I am comparing two theorems in two different texts on uniform convergence and differentiability; the first one is from some lecture notes, the second from Rudin's PMA. Apart from working on open versus closed intervals, what is the difference between these two theorems?

The first theorem is from here (page 9 in the pdf):

Theorem 9.18. Suppose that $(f_n)$ is a sequence of differentiable functions $f_n:(a,b)\to\mathbb R$ such that $f_n\to f$ pointwise and $f_n'\to g$ uniformly for some $f,g:(a,b)\to\mathbb R$. Then $f$ is differentiable on $(a,b)$ and $f'=g$.

The second theorem is from baby Rudin:

7.17 Theorem Suppose $\{f_n\}$ is a sequence of functions, differentiable on $[a,b]$ and such that $\{f_n(x_0)\}$ converges for some point $x_0$ on $[a,b]$. If $\{f_n'\}$ converges uniformly on $[a,b]$, then $\{f_n\}$ converges uniformly on $[a,b]$, to a function $f$, and $$f'(x)=\lim_{n\to\infty}f_n'(x)\quad (a\leq x\leq b).$$

Obviously the open/closed intervals is one difference, but if we were to replace the open intervals with closed intervals, is the first theorem a special case of the second one? Some have said they are even roughly equivalent, which I don't see. The way I see it is that the first theorem assumes $f_n(x)$ converges for all $x$ in $(a,b)$ (or $[a,b]$ if we were to replace the open intervals with closed intervals), whereas the second theorem only assumes $f_n(x)$ converges for a single point. I'll be honest and say I have read neither proofs so far.
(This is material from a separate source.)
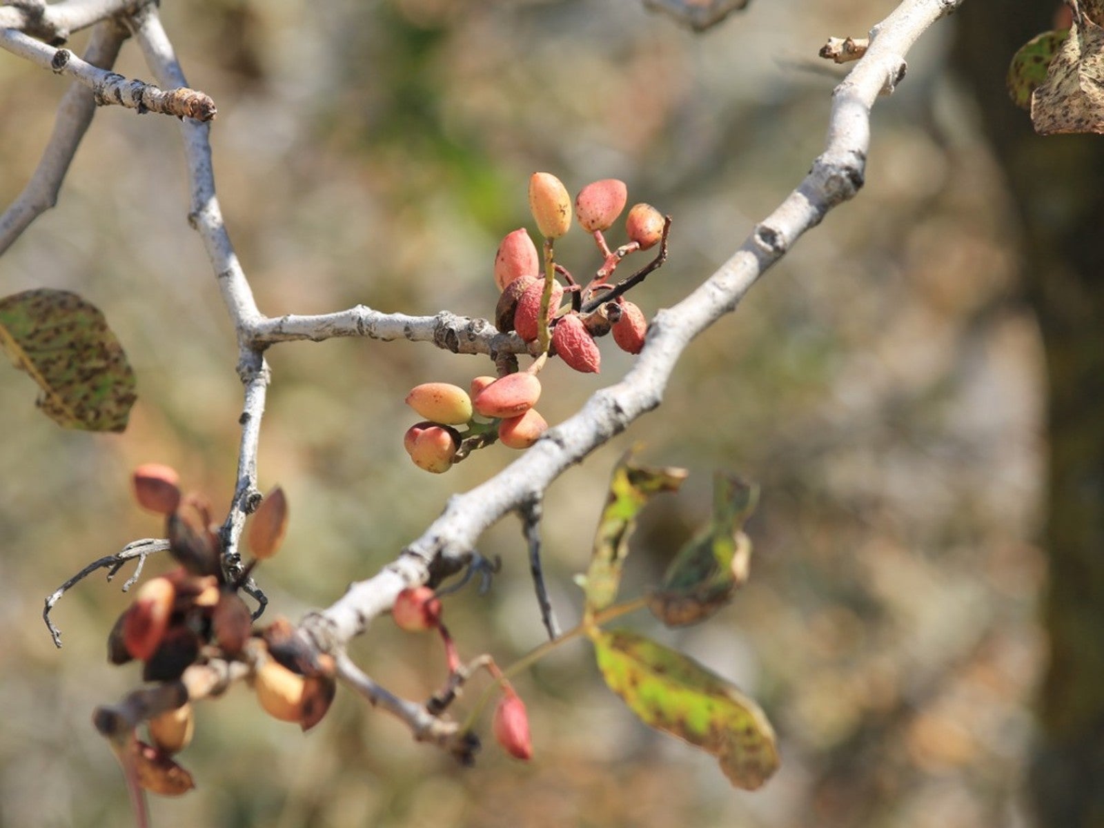 • Dépérissement du pistachier (Xanthomonas translucens) — Pénétrant par les blessures, les symptômes de cette maladie bactérienne comprennent des lésions noires fuligineuses sur les branches et le tronc du pistachier.

What I have read is a proof under additional assumptions (continuity of $f_n$), but that's another theorem. Any comments are appreciated.

 

[fresh_42]

I'm not sure I see a difference, except that 7.17 looks sloppy to me. How did they define differentiability at $a$ or $b$? By the definition of manifolds with boundaries? Since when is $x\longmapsto |x|$ defined on $[0,1]$ differentiable at $x=0$? By which argument do we require the coincidence of left and right limits on $(0,1)$ but are satisfied by a one-sided limit at $x=0$ or $x=1$?

There is more work to do in 7.17. But differentiability of all $f_n$ plus uniform convergence of $f'_n$ are strong conditions. I could imagine that they are sufficient to conclude from one point $x_0$ of convergence to (pointwise!) convergence everywhere on $(a,b)$ by patching one neighborhood to another. (I'm still not convinced how to deal with the boundaries, since differentiability is a local phenomenon, i.e. defined in an open neighborhood.) This is probably the main difference, how to get rid of $x_0:$
$$
f_n(x_0)\to y_0 \wedge f_n \text{ diff. on } (a,b) \wedge f'_n \text{ conv. unif. on} (a,b) \stackrel{(*)}{\Longrightarrow} f_n(x)\to y \text{ for all }x\in (a,b)
$$
Uniform convergence of the $f'_n$ is primarily necessary to be allowed to swap limit and integral: If $f$ is differentiable then
$$
f(x)=\int f'\,dx = \int \lim_{n \to \infty}f'_n \,dx = \lim_{n \to \infty} \int f'_n\,dx = \lim_{n \to \infty} f_n\,dx \quad (**)
$$
so it's probably not necessary to use it in $(*)$.

Edit: I corrected $(**)$.